When shown images with many more men than women, men in the study were willing to reduce their savings by 42 percent, and were willing to assume 84 percent more debt. “When men see more men than women in these photograph arrays, they become more likely to want to spend money more quickly, even to the point of going into debt,” Ackerman observes.
The results are presented in a new paper, “The Financial Consequences of Too Many Men: Sex Ratio Effects on Saving, Borrowing, and Spending,” appearing in the January issue of the Journal of Personality and Social Psychology.
The lead author of the paper is Vladas Griskevicius of the University of Minnesota’s Carlson School of Management; in addition to Ackerman, other co-authors of the paper are Joshua M. Tybur of the Netherlands’ VU University Amsterdam, Andrew W. Delton and Theresa E. Robertson of the University of California at Santa Barbara, and Andrew E. White of Arizona State University.
A China syndrome?
Douglas Kenrick, a professor of psychology at Arizona State who is familiar with the study, calls it “important” and says that its conclusions “elegantly link to a broad set of findings on humans and other species” involving the effects of mating competition on decision making. “Some of our complicated mental decisions are actually manifestations of simpler, more biologically general processes,” Kenrick suggests.

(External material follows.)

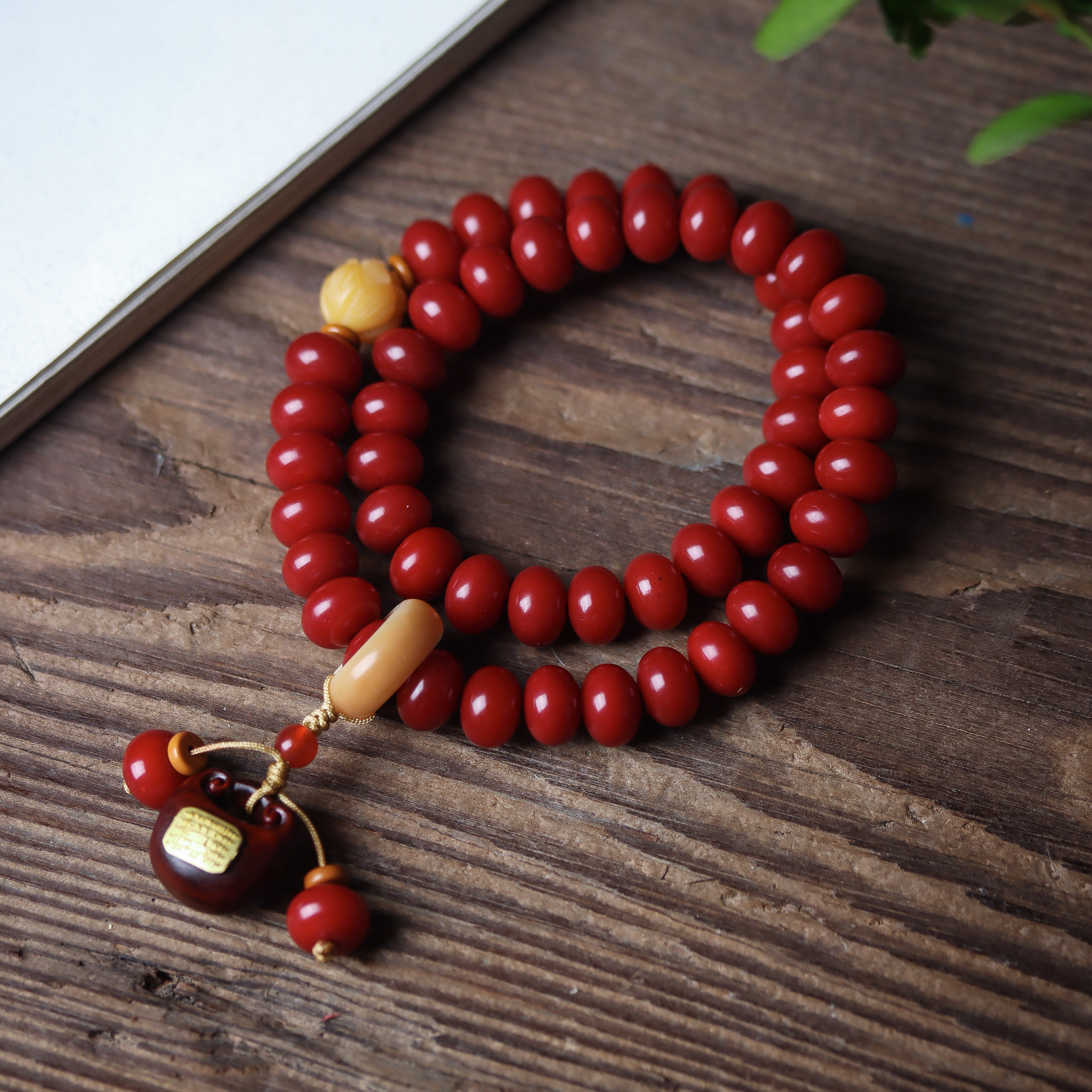 喜乐长安红心菩提根算盘珠双圈手链白玉菩提手持车挂福袋吊坠手串

As Ackerman acknowledges, the study’s results are one piece of a larger puzzle about consumer habits during the credit-fueled spending boom that just ended. “The studies do show in direct ways how [these] ratios can affect people’s decision making, but I don’t think it’s the last chapter in this kind of research,” Ackerman says.
For one thing, people in many types of social circumstances — not just in locations with imbalanced gender ratios — went into debt during the credit-fueled spending boom that preceded the recession, so spending in search of the ideal partner is just one of the reasons people live beyond their means.
Ackerman and his colleagues also say they would like to study cross-cultural spending habits in future research — perhaps in China, which has a significant gender imbalance, but unlike the United States, has traditionally had high savings rates.
“If competition is what’s really underlying this kind of spending, that should be fairly consistent across cultures,” Ackerman says. “But how those decisions get expressed might be much more culturally tinged. In China there’s a stronger norm toward giving gifts to a bride’s family. In that situation, spending money quickly isn’t necessarily going to lead to the best outcome. Instead, saving so that the amount of money you spend is worthwhile would make more sense.”